### Collected material
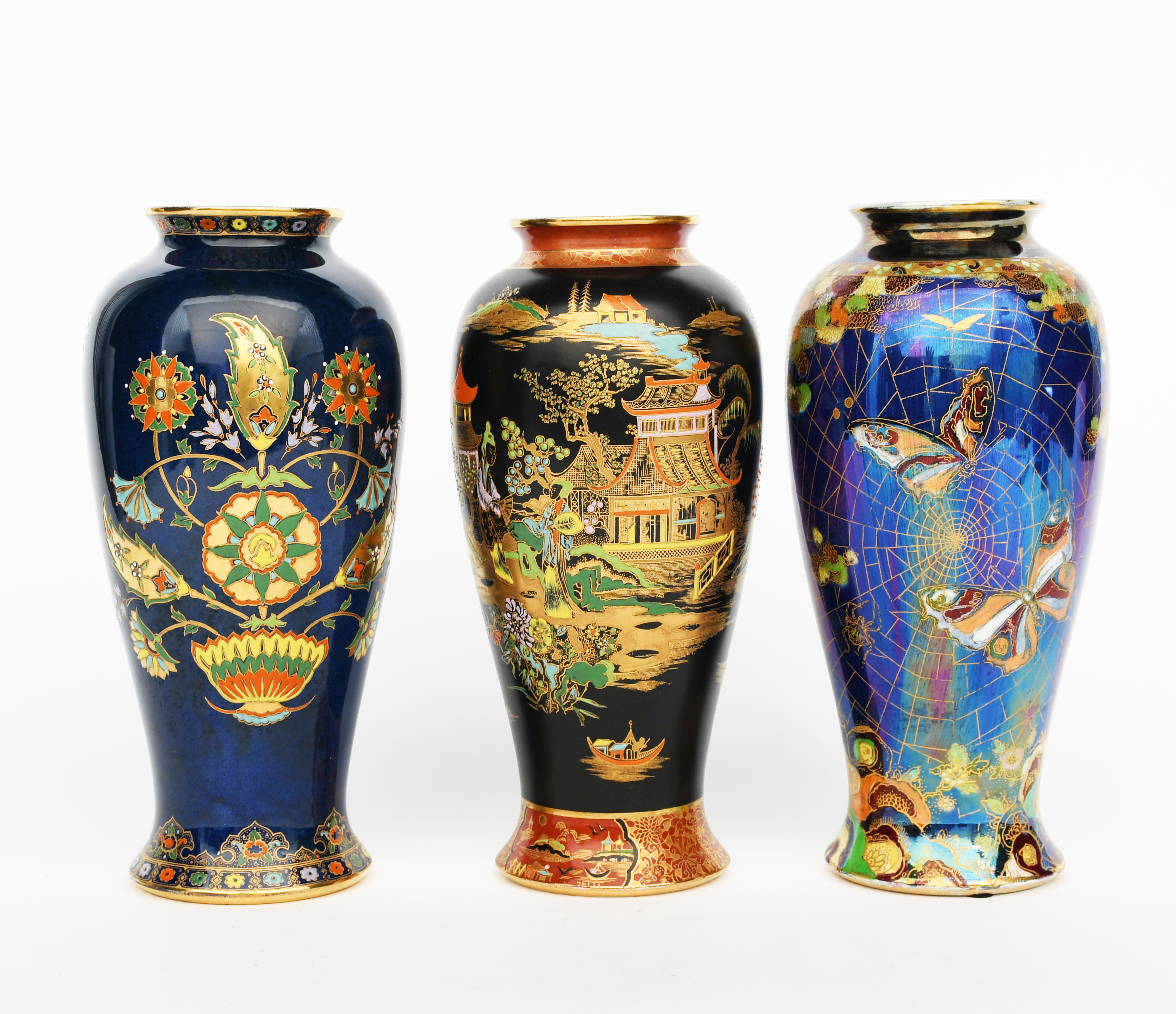 'New Flies' a Carlton Ware vase, pattern no. 3023, printed and painted with butterflies in colours on a blue lustre ground, another in the 'Mikado' pattern and another in a geometric floral 'pattern printed and painted factory marks, 26cm. high (3)
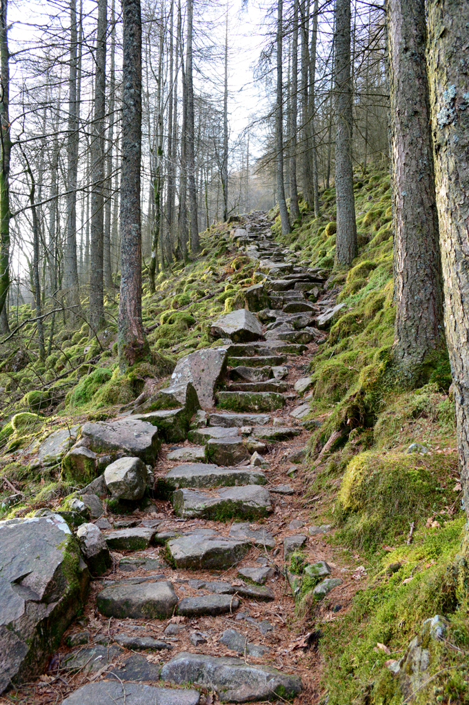 It's just a short stroll from the shoreline to the path which ascends to Bleaberry Tarn, it's pretty steep but of great pitch and before long views start to open out over the tops of the pines. |
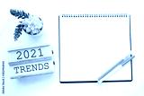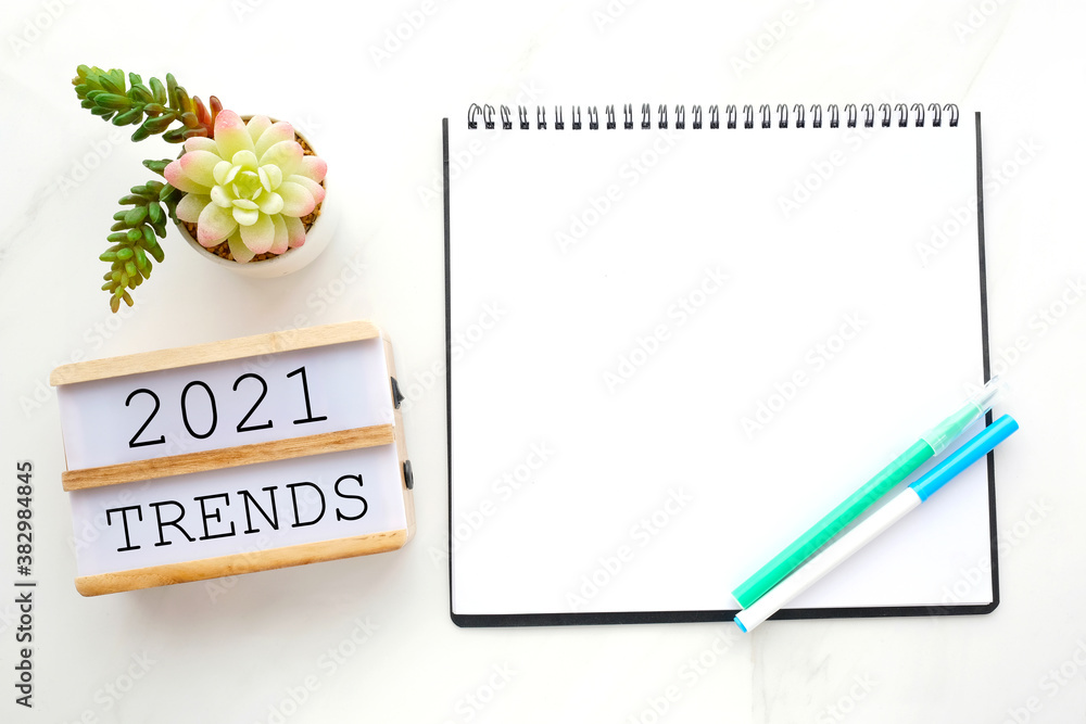 2021 trends on wooden box, Blank paper notebook and pen on white table background, new year business trend mock up, template, copy space for text
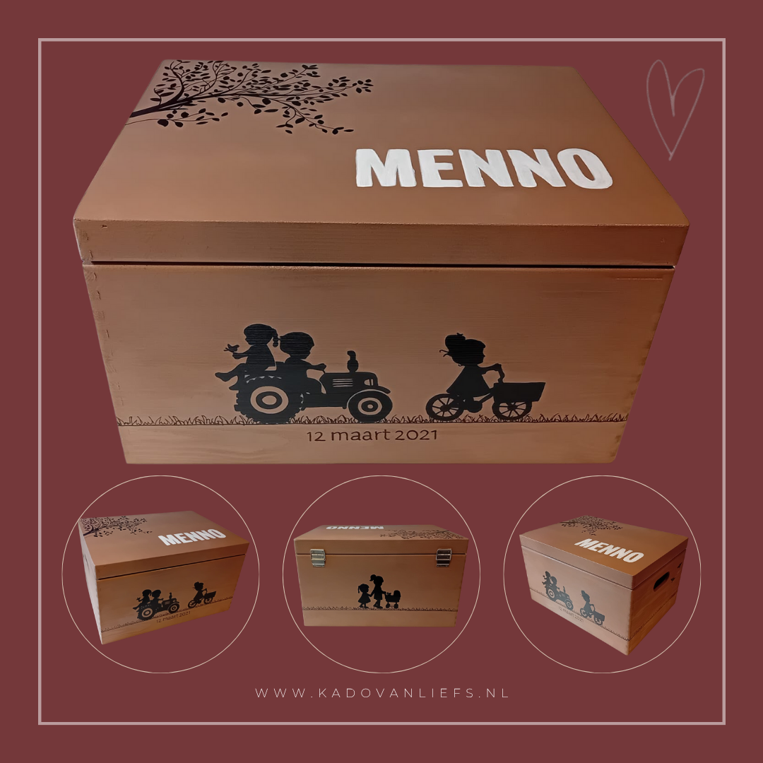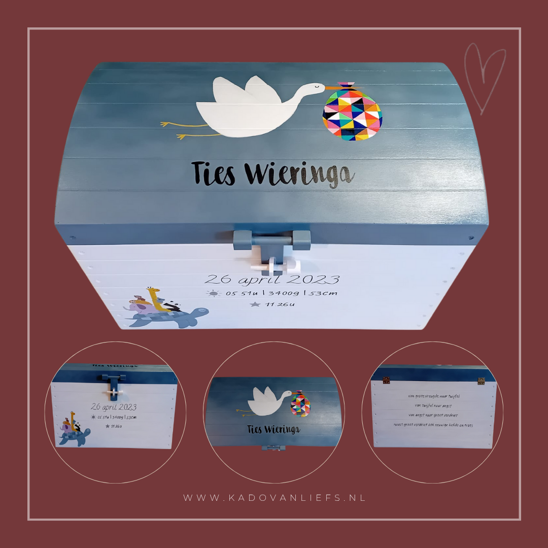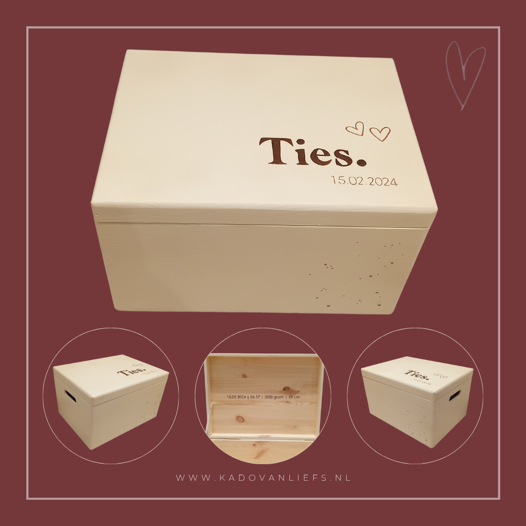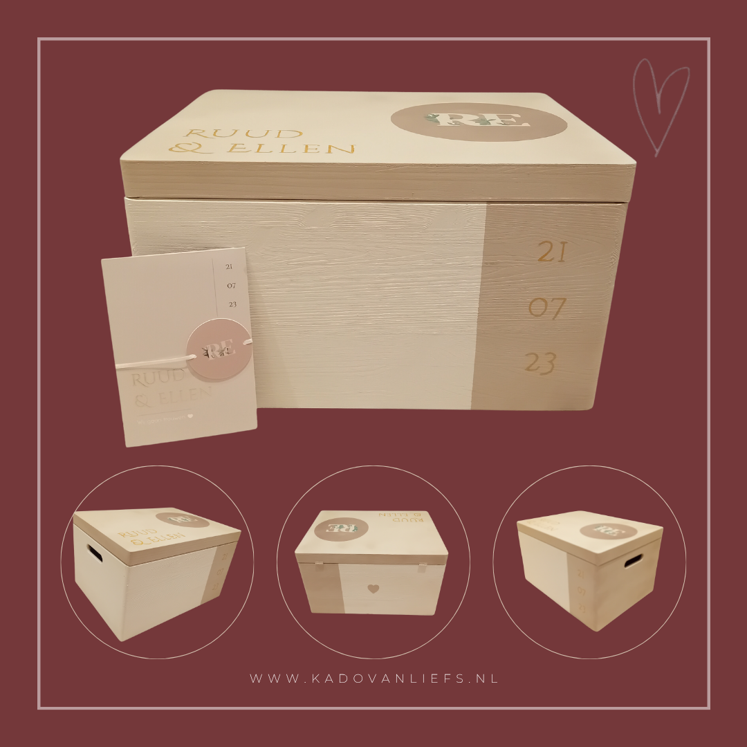 Bewaar je mooiste herinneringen met liefde. Of het nu gaat om kostbare spullen van de geboorte of bijzondere items van jullie trouwdag, een handbeschilderde kist in de stijl van het geboortekaartje of de trouwkaart maakt het extra speciaal.

### Assignment
Omit all images when repeating the data above exactly.

### Exercise response
 'New Flies' a Carlton Ware vase, pattern no. 3023, printed and painted with butterflies in colours on a blue lustre ground, another in the 'Mikado' pattern and another in a geometric floral 'pattern printed and painted factory marks, 26cm. high (3)
 It's just a short stroll from the shoreline to the path which ascends to Bleaberry Tarn, it's pretty steep but of great pitch and before long views start to open out over the tops of the pines. |
 2021 trends on wooden box, Blank paper notebook and pen on white table background, new year business trend mock up, template, copy space for text
 Bewaar je mooiste herinneringen met liefde. Of het nu gaat om kostbare spullen van de geboorte of bijzondere items van jullie trouwdag, een handbeschilderde kist in de stijl van het geboortekaartje of de trouwkaart maakt het extra speciaal.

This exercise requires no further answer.